2.If the Company's Common Stock is not publicly traded, the current value shall be an amount, not less than the book value, determined in such reasonable manner as may be prescribed by the Board of Directors of the Company, such determination to be final and binding on the Holder.
(d)Exchange, Assignment or Loss of Warrant. This Warrant is exchangeable, without expense, at the option of the Holder, upon presentation and surrender hereof to the Company or at the office of its stock transfer agent, if any, for other Warrants of different denominations entitling the Holder thereof to purchase in the aggregate the same number of Shares of Warrant Stock
purchasable hereunder. This Warrant may not be sold, hypothecated, assigned, or transferred prior to the date this Warrant is first exercisable. Any assignment shall be made subject to the provisions of Section (k) by surrender of this Warrant to the Company or at the office of its stock transfer agent, if any, with the Assignment Form annexed hereto duly executed and with funds sufficient to pay any transfer tax; whereupon, the Company, without charge, shall execute and shall deliver a new Warrant in the name of the assignee named in such instrument of assignment and this Warrant shall promptly be cancelled.
This Warrant may be divided or may be combined with other Warrants which carry the same rights upon presentation hereof at the office of the Company or at the office of its stock transfer agent, if any, together with a written notice specifying the names and the denominations in which new Warrants are to be issued and signed by the Holder hereof. The term "Warrant" as used herein includes any Warrants issued in substitution for or replacement of this Warrant or into which this Warrant may be divided or exchanged. Upon receipt by the Company of evidence satisfactory to it of the loss, theft, destruction, or mutilation of this Warrant, and (in the case of loss, theft, or destruction) of reasonably satisfactory indemnification, and upon surrender and cancellation of this Warrant, if mutilated, the Company will execute and will deliver a new Warrant of like tenor and date. Any such new Warrant executed and delivered shall constitute an additional contractual obligation on the part of the Company, whether or not this Warrant so lost, stolen, destroyed or mutilated shall be at any time enforceable by anyone.
(e)Rights of the Holder. The Holder, by virtue hereof, shall not be entitled to any rights of a stockholder in the Company, either at law or in equity, and the rights of the Holder are limited to those expressed in the Warrant and are not enforceable against the Company except to the extent set forth herein.

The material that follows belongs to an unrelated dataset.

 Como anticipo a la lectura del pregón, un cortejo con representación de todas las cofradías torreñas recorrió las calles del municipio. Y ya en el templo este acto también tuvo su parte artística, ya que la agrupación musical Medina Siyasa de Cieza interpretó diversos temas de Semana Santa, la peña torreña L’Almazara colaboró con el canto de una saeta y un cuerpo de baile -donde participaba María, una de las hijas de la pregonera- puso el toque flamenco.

(f)Anti-Dilution Provisions.
If the Company shall subdivide or combine its outstanding shares of Common Stock, the Exercise Price shall be proportionately decreased in the case of such subdivision (on the date that such subdivision shall become effective) or proportionately increased in the case of such combination (on the date that such combination shall become effective).

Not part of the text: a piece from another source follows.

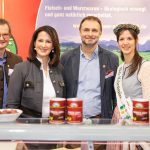 Foto Seyfarth / StMELF – zeigt (v.l.) Hubert Heigl (Vorsitzender der Landesvereinigung für ökologischen Landbau), Ministerin Michaela Kaniber, Geschäftsführer Tim Reiter und Bio-Königin Carina Bichler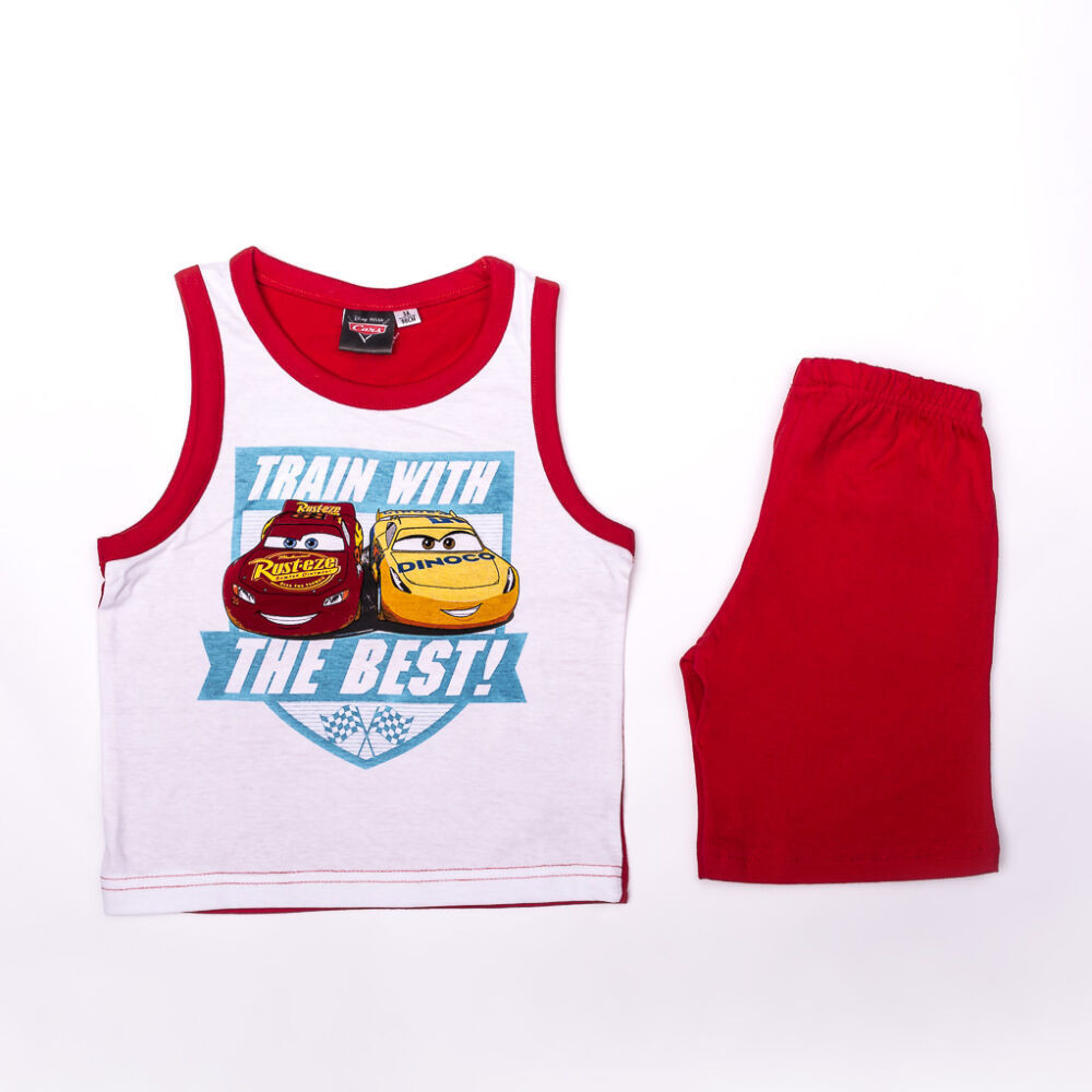 Verdák kisfiú pamut nyári együttes - trikó-rövidnadrág szett -piros - 122

Anything in this Section to the contrary notwithstanding, the Company shall not be required to give effect to any adjustment in the Exercise Price unless and until the net effect of one or more adjustments, determined as above provided, shall have required a change of the Exercise Price by at least one cent, but when the cumulative net effect of more than one adjustment so determined shall be to change the actual Exercise Price by at least one cent, such change in the Exercise Price shall thereupon be given effect.
Upon any adjustment of the Exercise Price, the Holder of this Warrant shall thereafter (until another such adjustment) be entitled to purchase, at the new Exercise Price, the number of Shares of Warrant Stock, calculated to the nearest full shares, obtained by multiplying the number of shares of Stock initially issuable upon exercise of this Warrant by the Exercise Price in effect on the date hereof and dividing the product so obtained by the new Exercise Price.
(g)Officer's Certificate. Whenever the Exercise Price shall be adjusted as required by the provisions of Section (f) hereof, the Company shall forthwith file with its Secretary or an Assistant Secretary at its principal office, and with its stock transfer agent, if any, an Officer's Certificate showing the adjusted Exercise Price, determined as herein provided, and setting forth in reasonable detail the facts requiring such adjustment. Each such Officer's Certificate shall be made available at all reasonable times for inspection by the Holder; and the Company, after each such adjustment, shall forthwith deliver a copy of such certificate to the Holder. Such certificate shall be conclusive as to the correctness of such adjustment.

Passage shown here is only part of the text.